The best the international community can hope for is that, in return for a relaxation of sanctions, Iran will make a judgment that it is better off sticking with a threshold capability. To put this another way, if Tehran does step back from the nuclear brink it will be because of its own calculation of the balance of advantage.
The fourth element in this dynamic is that Iran now has a leadership that, faced with the severe and growing pain inflicted by sanctions, is prepared to talk. There is nothing to say that Hassan Rouhani, the president, is any less hard-headed than previous Iranian leaders, but he does seem ready to weigh the options.
Seen from this vantage point – and in spite of the inconclusive outcome – Geneva can be counted a modest success. Iran and the US broke the habit of more than 30 years and sat down to talk to each other. Know your enemy is a first rule of diplomacy – and of intelligence. John Kerry has his detractors but, unlike his predecessor Hillary Clinton, the US secretary of state understands that serious diplomacy demands a willingness to take risks.

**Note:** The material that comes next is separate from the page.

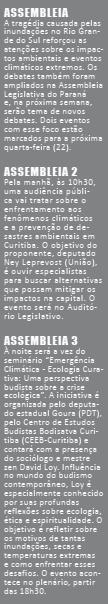 Pela manhã, às 10h30, uma audiência pública vai tratar sobre o enfrentamento aos fenômenos climáticos e a prevenção de desastres ambientais em Curitiba. O objetivo do proponente, deputado Ney Leprevost (União), é ouvir especialistas para buscar alternativas que possam mitigar os impactos na capital. O evento será no Auditó- rio Legislativo.
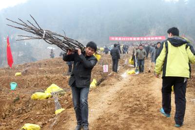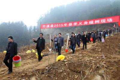 3月6日,竹溪县干部群众在义务植树点开展集中植树活动。三月,竹溪县掀起“三廊建设”(百里绿廊、百里果廊、百里景廊)高潮。据悉,该县三廊建设将百姓创收致富和修复生态相结合,建设高标准的花木长廊带,“百里绿廊”围绕“谷竹高速”竹溪段建设,将景观林带、荒山绿化、产业基地相结合,建设规模17500亩;“百里果廊” 沿“水天”路5个乡镇14个村建设面积5000亩,按照“一乡一品、一乡一景、春花秋实”的建设理念,栽植樱桃、桃子、柿子、柚子、木瓜等林果;“百里景廊”沿“兴界路”进行成片栽植竹林、映山红、棕树、枫树、红叶石楠等,美化乡村环境。

The Geneva talks illuminated the shape of an interim agreement. Iran will not surrender the right it asserts to uranium enrichment, but will lower the level of enrichment from 20 per cent to 3 or 4 per cent. It will suspend work on its heavy water reactor in Arak – a potential source of plutonium – negotiate about the disposal of some of its existing stocks of enriched uranium, and accept intrusive international inspections. A debate between the six powers about the strength and credibility of such pledges is inevitable, as is an argument with Tehran about the speed and scope of a run down of sanctions.
If there is an agreement when talks resume later this month, it will not satisfy hardliners on either side. The challenges to Mr Obama from those in Washington who think the US should be ready to start another Middle East war will be mirrored by opposition from the more reactionary elements in Tehran to any concessions to the “Great Satan”. Sad to say, Mr Obama does not have a great record in winning arguments in Congress, while no one really knows the limits of Ayatollah Khamenei’s negotiating flexibility.

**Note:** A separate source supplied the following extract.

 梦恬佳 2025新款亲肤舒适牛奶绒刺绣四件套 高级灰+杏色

So far Mr Netanyahu’s government, in tune with the Gulf states, has had nothing to say beyond denouncing any deal. The message from Israel and from Saudi Arabia, its ally on this, is that Iran must be kept in a permanent state of isolated enfeeblement, lest it re-emerge as the region’s most powerful actor. They point to Tehran’s support for Hizbollah and for the murderous Assad regime in Syria.

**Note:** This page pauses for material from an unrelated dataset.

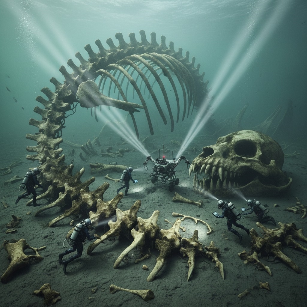 Days turned into weeks. The PERAI site became a hub of global scientific interest, a carefully guarded secret from public hysteria. Underwater robotic arms, guided by hyper-sensitive sensors, meticulously cleared away millennia of silt and sediment. Piece by agonizing piece, the creature emerged. Ribs, like the bowed timbers of a thousand-year-old cathedral, formed vast, skeletal arches. Then, the skull.

The interests of almost everyone else are otherwise. Not to be tricked by smooth talking into making it easier for Iran to acquire the bomb, but to open a well-policed pathway that would allow it eventually to rejoin the community of nations. There is no guarantee this strategy will work even if an interim accord is reached during the second round of talks, but, to paraphrase a famous British statesman, it is better than all the alternatives.